## Supplied data

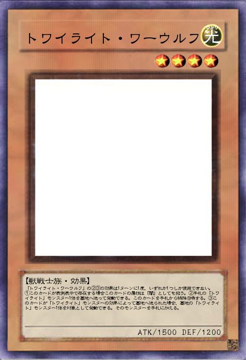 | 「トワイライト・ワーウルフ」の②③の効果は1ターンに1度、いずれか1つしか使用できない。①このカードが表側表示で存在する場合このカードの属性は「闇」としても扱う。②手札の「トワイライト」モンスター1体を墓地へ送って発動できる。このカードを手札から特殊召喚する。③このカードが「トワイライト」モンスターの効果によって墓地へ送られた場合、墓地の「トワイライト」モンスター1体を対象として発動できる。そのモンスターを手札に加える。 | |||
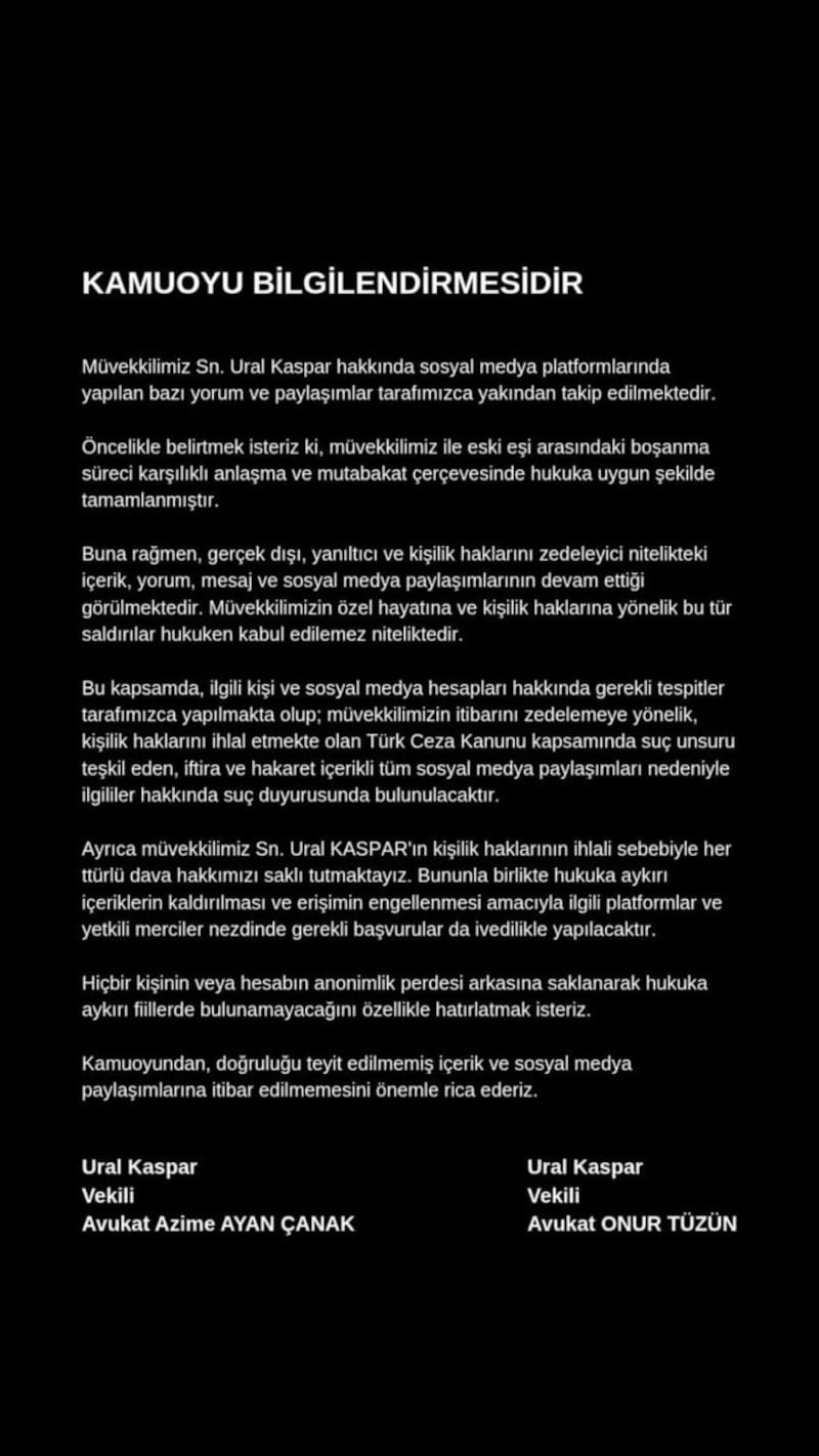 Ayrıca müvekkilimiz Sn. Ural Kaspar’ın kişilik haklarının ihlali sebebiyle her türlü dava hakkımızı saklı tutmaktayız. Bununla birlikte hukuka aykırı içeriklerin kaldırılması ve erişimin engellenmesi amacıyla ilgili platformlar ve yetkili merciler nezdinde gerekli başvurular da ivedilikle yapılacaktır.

---

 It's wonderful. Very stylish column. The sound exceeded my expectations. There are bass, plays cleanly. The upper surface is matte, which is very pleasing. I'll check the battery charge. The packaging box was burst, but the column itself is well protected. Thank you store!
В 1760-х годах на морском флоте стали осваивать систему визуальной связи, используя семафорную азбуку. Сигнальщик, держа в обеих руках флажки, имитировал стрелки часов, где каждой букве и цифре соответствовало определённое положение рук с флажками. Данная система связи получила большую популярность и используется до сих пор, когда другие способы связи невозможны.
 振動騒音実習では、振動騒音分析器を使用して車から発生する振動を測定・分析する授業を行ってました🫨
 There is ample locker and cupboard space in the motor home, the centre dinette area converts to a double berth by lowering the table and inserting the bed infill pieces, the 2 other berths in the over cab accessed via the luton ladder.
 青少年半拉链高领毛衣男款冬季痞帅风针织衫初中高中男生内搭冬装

## Work item
Using the entries above, extract exactly the span from the line with "There is ample" to the line with "青少年半拉链高领毛衣男款冬季痞帅风针织衫初中高中男生内搭冬装", both lines included; leave out everything else.

## Written response
 There is ample locker and cupboard space in the motor home, the centre dinette area converts to a double berth by lowering the table and inserting the bed infill pieces, the 2 other berths in the over cab accessed via the luton ladder.
 青少年半拉链高领毛衣男款冬季痞帅风针织衫初中高中男生内搭冬装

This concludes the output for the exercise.